= Items listed in a dataset =

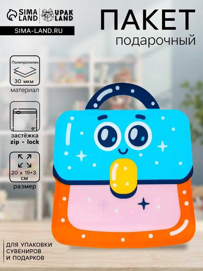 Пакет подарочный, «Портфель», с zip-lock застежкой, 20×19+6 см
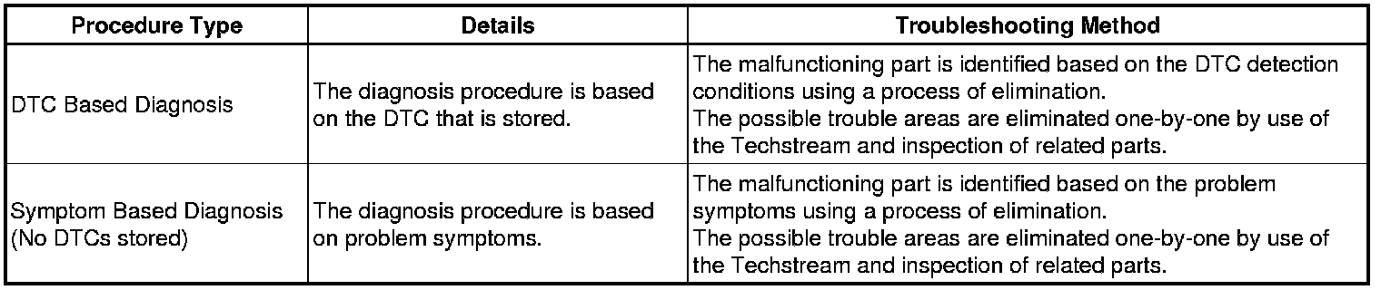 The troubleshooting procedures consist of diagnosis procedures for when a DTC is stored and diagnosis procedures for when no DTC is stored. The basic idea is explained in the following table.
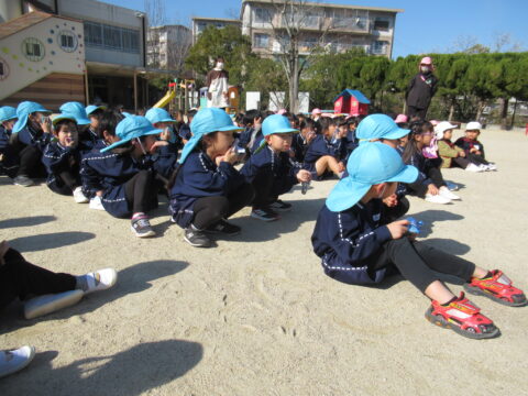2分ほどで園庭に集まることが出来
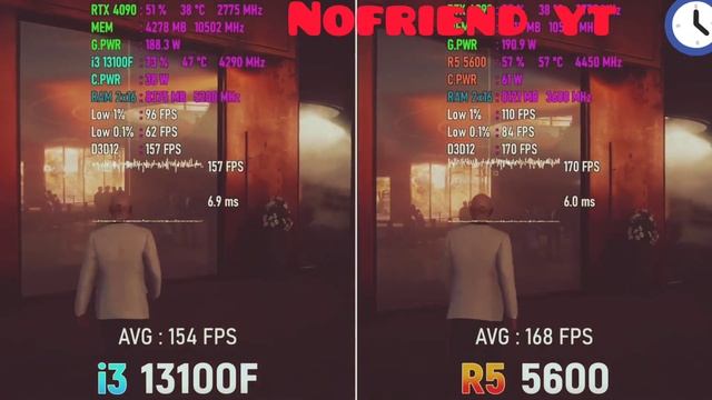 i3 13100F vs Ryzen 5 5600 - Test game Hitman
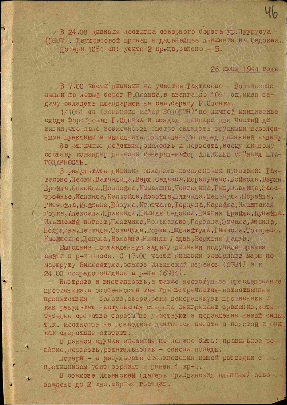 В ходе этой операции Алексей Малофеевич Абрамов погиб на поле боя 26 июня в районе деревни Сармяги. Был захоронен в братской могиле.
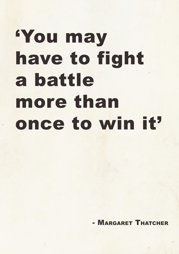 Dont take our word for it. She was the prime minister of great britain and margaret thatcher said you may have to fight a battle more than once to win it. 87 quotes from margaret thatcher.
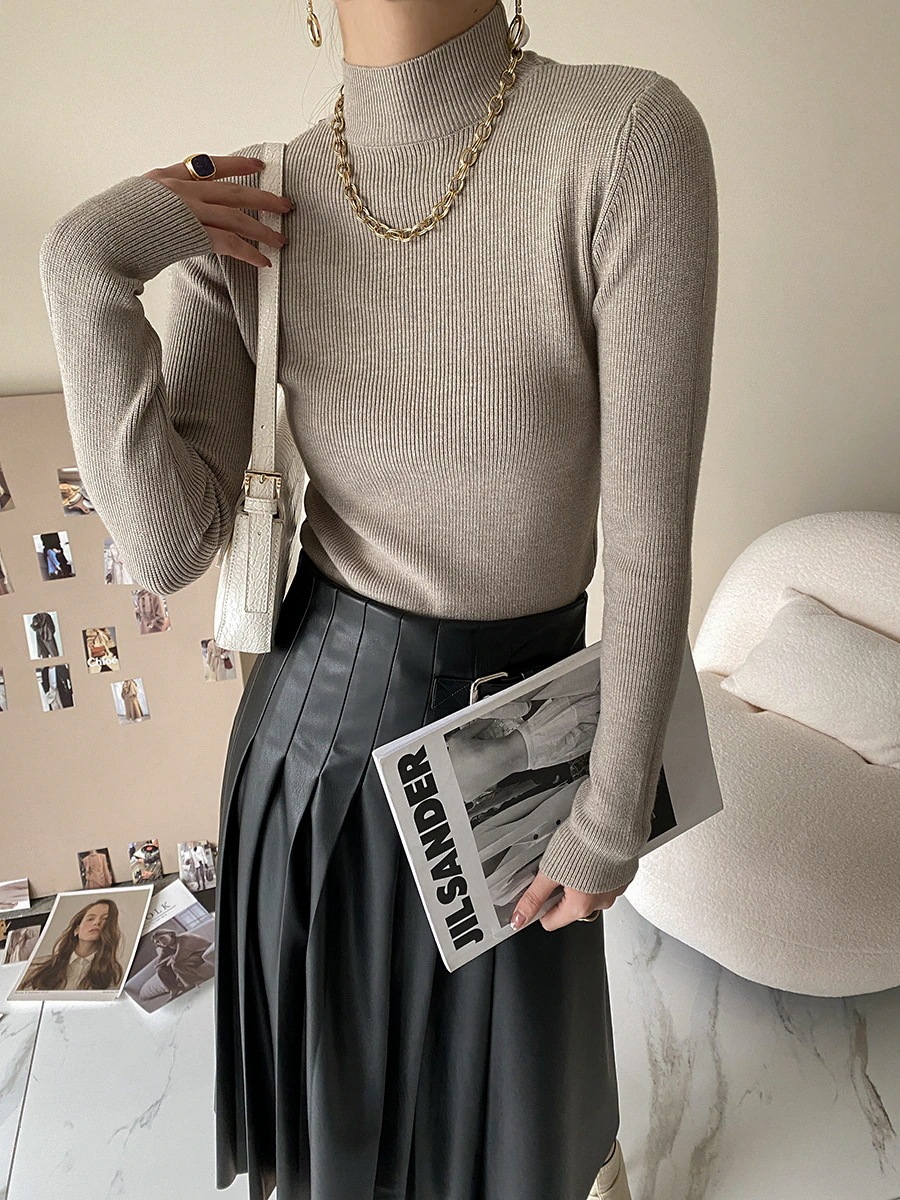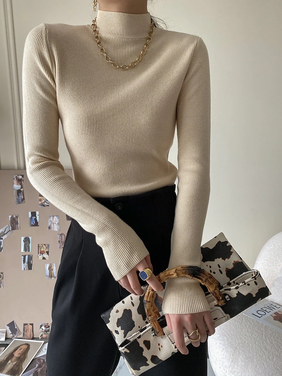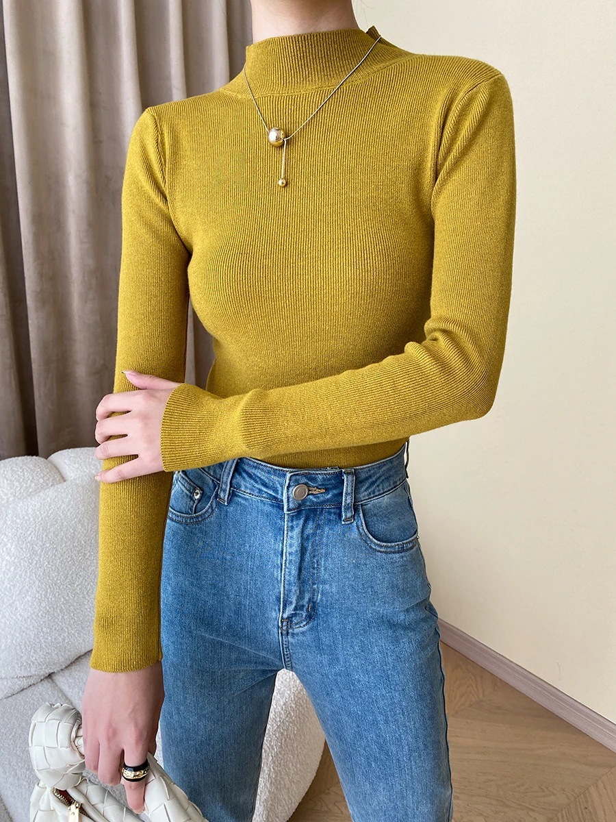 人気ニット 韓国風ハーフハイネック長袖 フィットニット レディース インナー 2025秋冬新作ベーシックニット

= TASK BRIEF =
Every entry must be transcribed exactly. Pictures do not belong in the copy.

= TASK RESULT =
 Пакет подарочный, «Портфель», с zip-lock застежкой, 20×19+6 см
 The troubleshooting procedures consist of diagnosis procedures for when a DTC is stored and diagnosis procedures for when no DTC is stored. The basic idea is explained in the following table.
2分ほどで園庭に集まることが出来
 i3 13100F vs Ryzen 5 5600 - Test game Hitman
 В ходе этой операции Алексей Малофеевич Абрамов погиб на поле боя 26 июня в районе деревни Сармяги. Был захоронен в братской могиле.
 Dont take our word for it. She was the prime minister of great britain and margaret thatcher said you may have to fight a battle more than once to win it. 87 quotes from margaret thatcher.
 人気ニット 韓国風ハーフハイネック長袖 フィットニット レディース インナー 2025秋冬新作ベーシックニット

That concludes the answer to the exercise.